About 78% of all hospitalized adolescents in the study, and 82% of younger children, had one or more underlying medical conditions, like obesity, autoimmune diseases or respiratory problems, including asthma.
The study suggests that the vaccine protected a majority of these children from the worst outcomes, said Dr. Luciana Borio, a former acting chief scientist at the Food and Drug Administration.
“It really validates the importance of vaccines for children 5 and older, and especially for those that are immunocompromised or have underlying medical conditions,” she said.
The omicron variant can partly dodge immune defenses, so it is not surprising that the vaccines did not do as well as against the delta variant, she and others said. Another recent study showed that in adolescents ages 12 to 17, two doses of the vaccine also offered virtually no defense against moderate illness caused by the omicron variant. (Booster doses are now recommended for all Americans ages 12 and older.)
The large discrepancy in vaccine effectiveness between those who needed life support and those who did not may be due in part to the wide range of symptoms for which children were hospitalized. About 1 in 4 adolescents in the study required life-supporting interventions like mechanical ventilation or extracorporeal membrane oxygenation.
Dr. Marietta Vazquez, an infectious diseases specialist at Yale School of Medicine who was not involved in the study, said that, in her experience, most children who were hospitalized during the omicron surge recovered quickly.
“The children who we saw admitted — they were either very, very sick, or they were mostly admitted because they were infected and they had high fevers or they had low oxygen saturation,” she said.

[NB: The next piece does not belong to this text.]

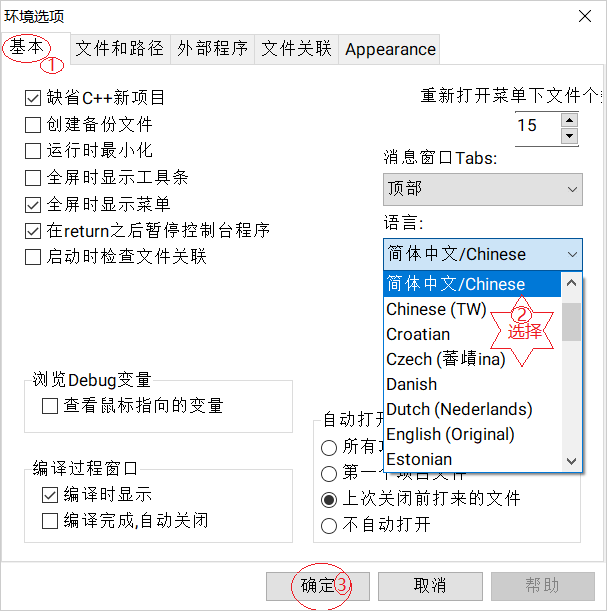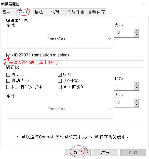 使用菜单命令“工具→编辑器选项”出现如下对话换框,按图示操作: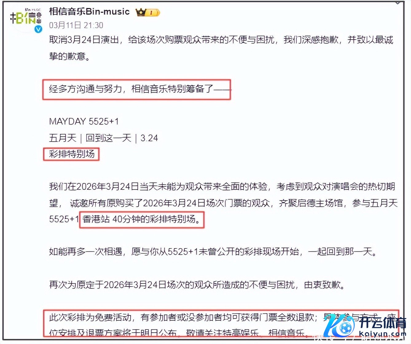 先来看五月天的回报,坚信音乐发文暗示给退票的不雅众致歉,历程多方换取与勤奋接头了“40分钟的免费彩排特殊场”,安排技术是3月24日(原定的演唱会日历),无论参预与否王人可取得门票全数退款,贵重决议稍后公开。

Parents also seemed more inclined to bring young children to the hospital during the omicron surge, Vazquez added: “There’s such concern and fear about COVID.”
Some researchers have theorized that the decline in vaccine protection among adolescents resulted from waning effectiveness over time — that is, adolescents may not have been as well protected during the omicron surge because too much time had elapsed since their immunizations.
But the new study found that vaccine effectiveness against the omicron variant was 43% up to 22 weeks after immunization, and 38% between 23 and 44 weeks. Waning immunity appeared to be less a factor than the variant itself.
“It looked like it was more omicron-related,” Patel said.
Most of the vaccinated adolescents in the new study had received just two doses. There were not enough of those who had received a third dose to evaluate its benefit, but a previous study suggested that a booster shot drastically improved protection against moderate illness in this age group, as it does in adults.
“I really think children should get three doses, and that I hope will raise these numbers,” said Akiko Iwasaki, an immunologist at Yale University. Only about 14% of children 12 and older have received a booster dose.